ADNOC Secures $11 Billion to Accelerate Hail and Gasha Gas Projects After Lukoil Exit
Table of Contents
- 1. ADNOC Secures $11 Billion to Accelerate Hail and Gasha Gas Projects After Lukoil Exit
- 2. Partnerships Shaping the Financing
- 3. Timeline and Strategic Importance
- 4. Market Context and Global Implications
- 5. Rapid Facts
- 6. Why This Matters
- 7.
- 8. ADNOC‑Eni‑PTTEP $11 Billion Joint Venture: Overview of the Hail and Gasha Gas Fields Deal
- 9. Key Financial Terms
- 10. Strategic Rationale for ADNOC
- 11. Project Highlights: Hail Gas Field
- 12. Project Highlights: Gasha Gas Field
- 13. Benefits for Eni and PTTEP
- 14. Timeline & Milestones
- 15. Regulatory & Market Context
- 16. Risk management & Mitigation
- 17. Practical Tips for Investors & Industry Stakeholders
- 18. Comparable Case Study: ADNOC‑TotalEnergies “Zuluf Phase II”

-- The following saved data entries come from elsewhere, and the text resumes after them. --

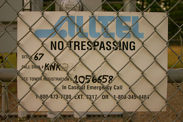 Alltel was very good about marking their sites with plastic site id signs that contained a cell number, regulatory information and an emergency contact number (Fig. 3-1). However, for some reason Alltel stoped this practice and has only sporadically gone back to marking their sites with a metal version of the old site id sign (Fig. 3-2). Most sites, where required, that are or were owned by Alltel also have a plastic FCC ASR number sign (Fig. 3-3). Newer Alltel sites are mostly colocated on other structures so the use of this sign has also become rare. Sites in the Norfolk market actually have black on white stickers on the equipment shelter door that list the site's cell number, name, address as well as a local telephone number. For some reason the last four digits of the telephone number have been obscured. This was probably the telephone number for the out of band management device (a modem) used to monitor and manage the site. A few sites missing the door sticker sign have cell name labels located near the shelter door knob. Former Century Cellunet sites in Mississippi usually have a small metal square site id sign with FCC regulatory information and cell site information (Fig. 3-4). Former GTE Mobilnet sites in Floridia have a generic sticker affixed to the door that lists a cell sites contact information and FCC callsign information (Fig. 3-5).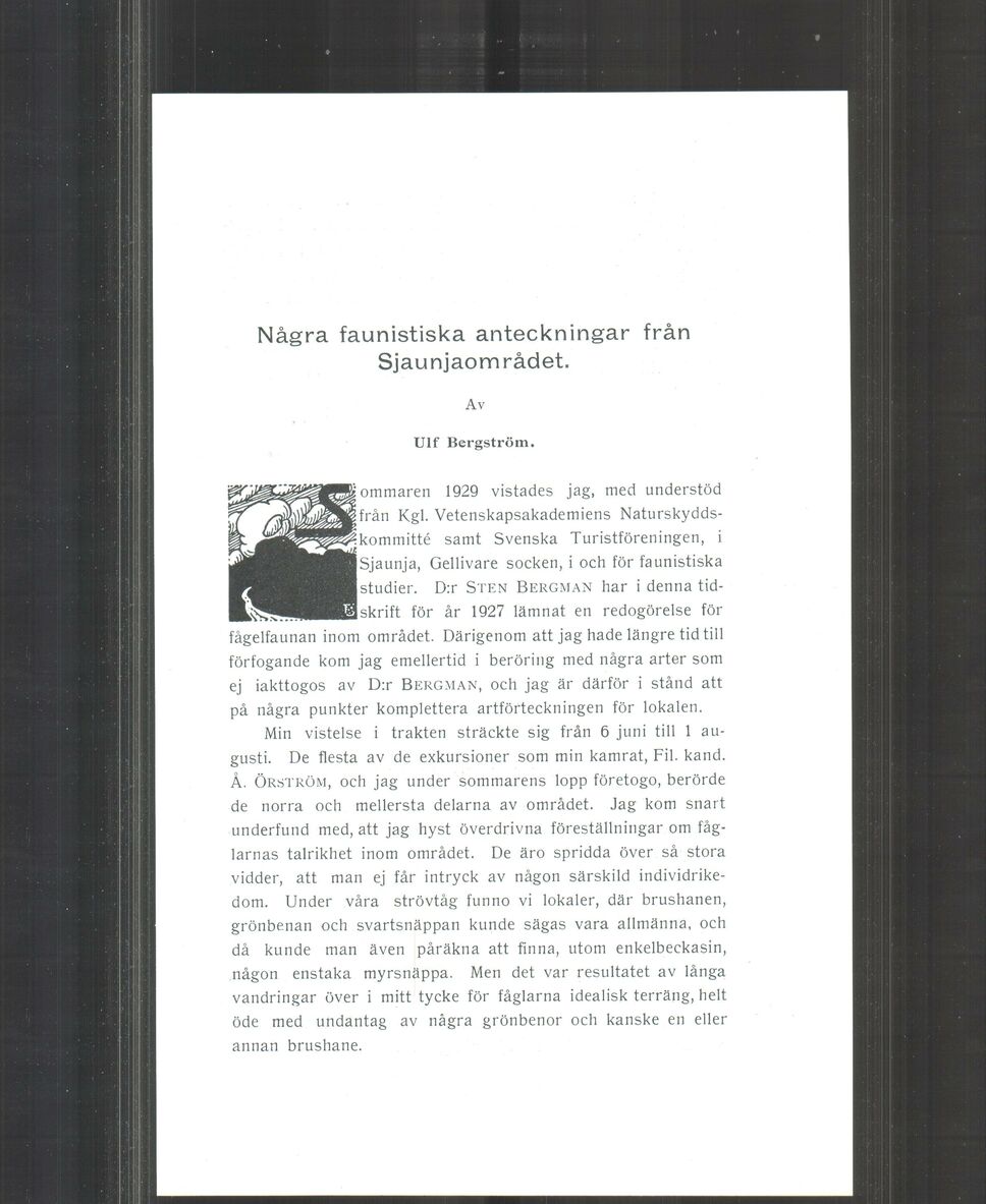 Full resolution (JPEG) - On this page / på denna sida - Några faunistiska anteckningar från Sjaunjaområdet. Av Ulf Bergström
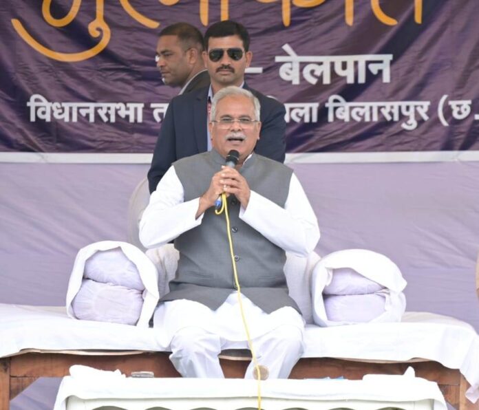 वासु सोनी बिलासपुर। मुख्यमंत्री भूपेश बघेल ने कहा कि किसानों और मजदूरों की जेब में पैसा जाए, यही सरकार का उद्देश्य है। पहले किसानो का कर्जा बढ़ते जा रहा था। लोग किसानी छोड़ रहे थे। इसे देखते हुए हमने सरकार बनते ही दो घंटे में किसानो का कर्जा माफ किया। खेती किसानी को मजबूत बनाने न्याय योजनाओं की शुरूआत की। श्री बघेल आज बिलासपुर जिले के तखतपुर विधानसभा के ग्राम बेलपान में आयोजित भेंट मुलाकात में ग्रामीणों को सम्बोधित कर रहे थे। उन्होंने इस अवसर पर गनियारी को नगर पंचायत बनाने, ग्राम संकरीभांटा में मिनी स्टेडियम का निर्माण कराने के साथ बेलपान मंदिर व मेला स्थल को पर्यटन स्थल के रूप में विकसित करने सहित कई घोषणाएं की।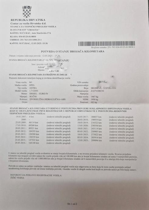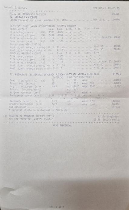 Potvrda o kilometraži u galeriji. Gume stare dvije godine, akumulator star pola godine i još pod garancijom.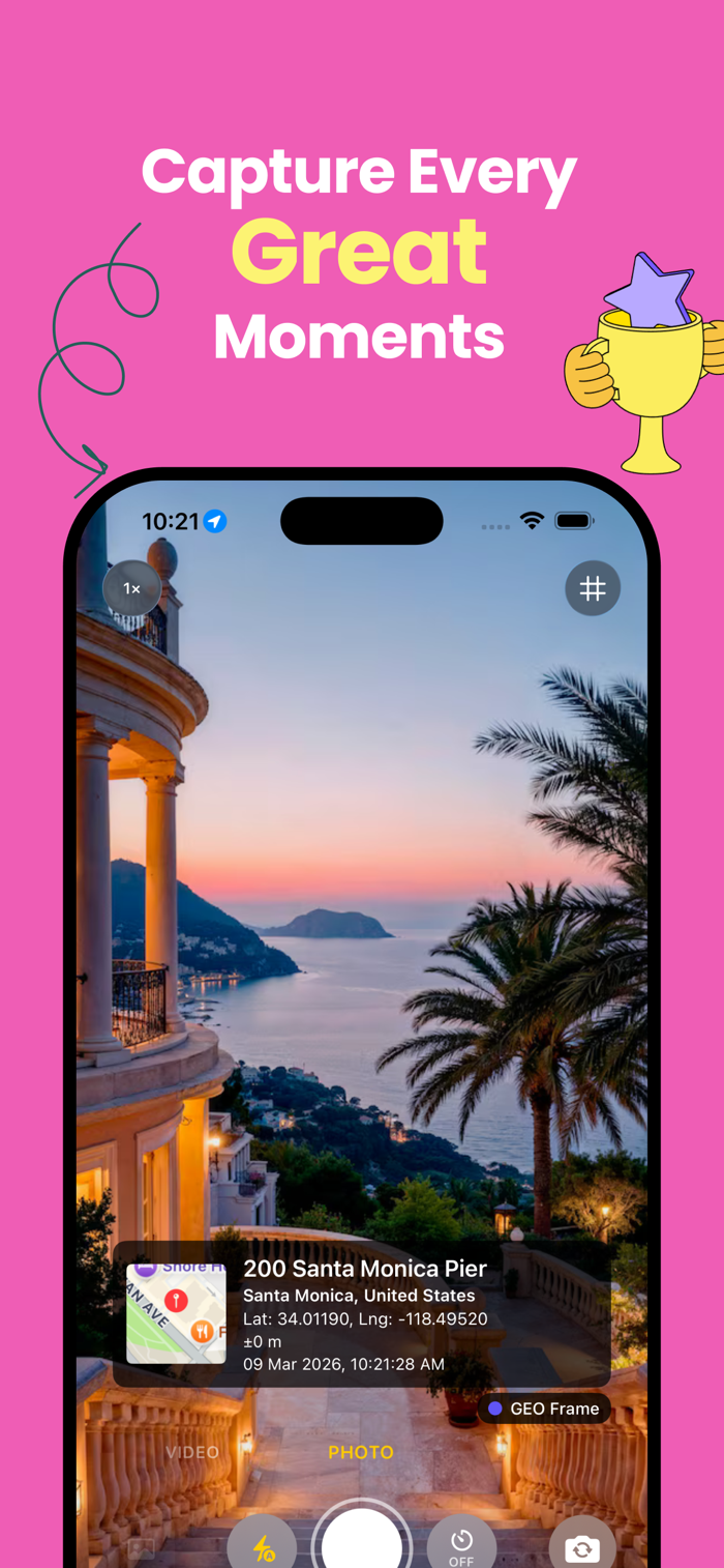 Capture photos instantly while GeoFrame automatically attaches location data.
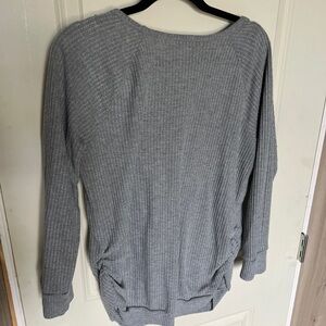Gray V-Neck Ribbed Women's Top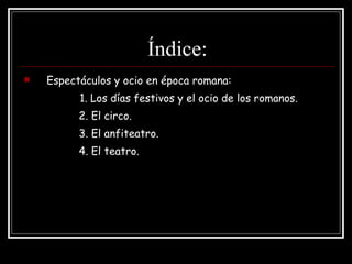 El documento describe los principales espectáculos y lugares de ocio en la época romana, incluyendo el circo, donde se realizaban carreras de carros; el anfiteatro, escenario de luchas de gladiadores y combates con animales; y el teatro, donde se representaban obras. Explica aspectos como las diferentes partes de estos edificios y los espectáculos que albergaban, así como ejemplos notables como el Circo Máximo y el Coliseo de Roma.

Abu Dhabi’s state energy champion has tapped $11 billion in financing to advance the Hail and Gasha gas fields, a move spurred by Western sanctions that forced Russia’s lukoil to exit the project. The funding will back development work under a prepayment arrangement that recovers the investment from future gas deliveries.
New partners have stepped in to spearhead the effort: Italy’s Eni and Thailand’s PTTEP, forming a trio with ADNOC. The deal centers on upfront capital in exchange for long-term gas supplies, a structure designed to accelerate field development while spreading risk among the participants.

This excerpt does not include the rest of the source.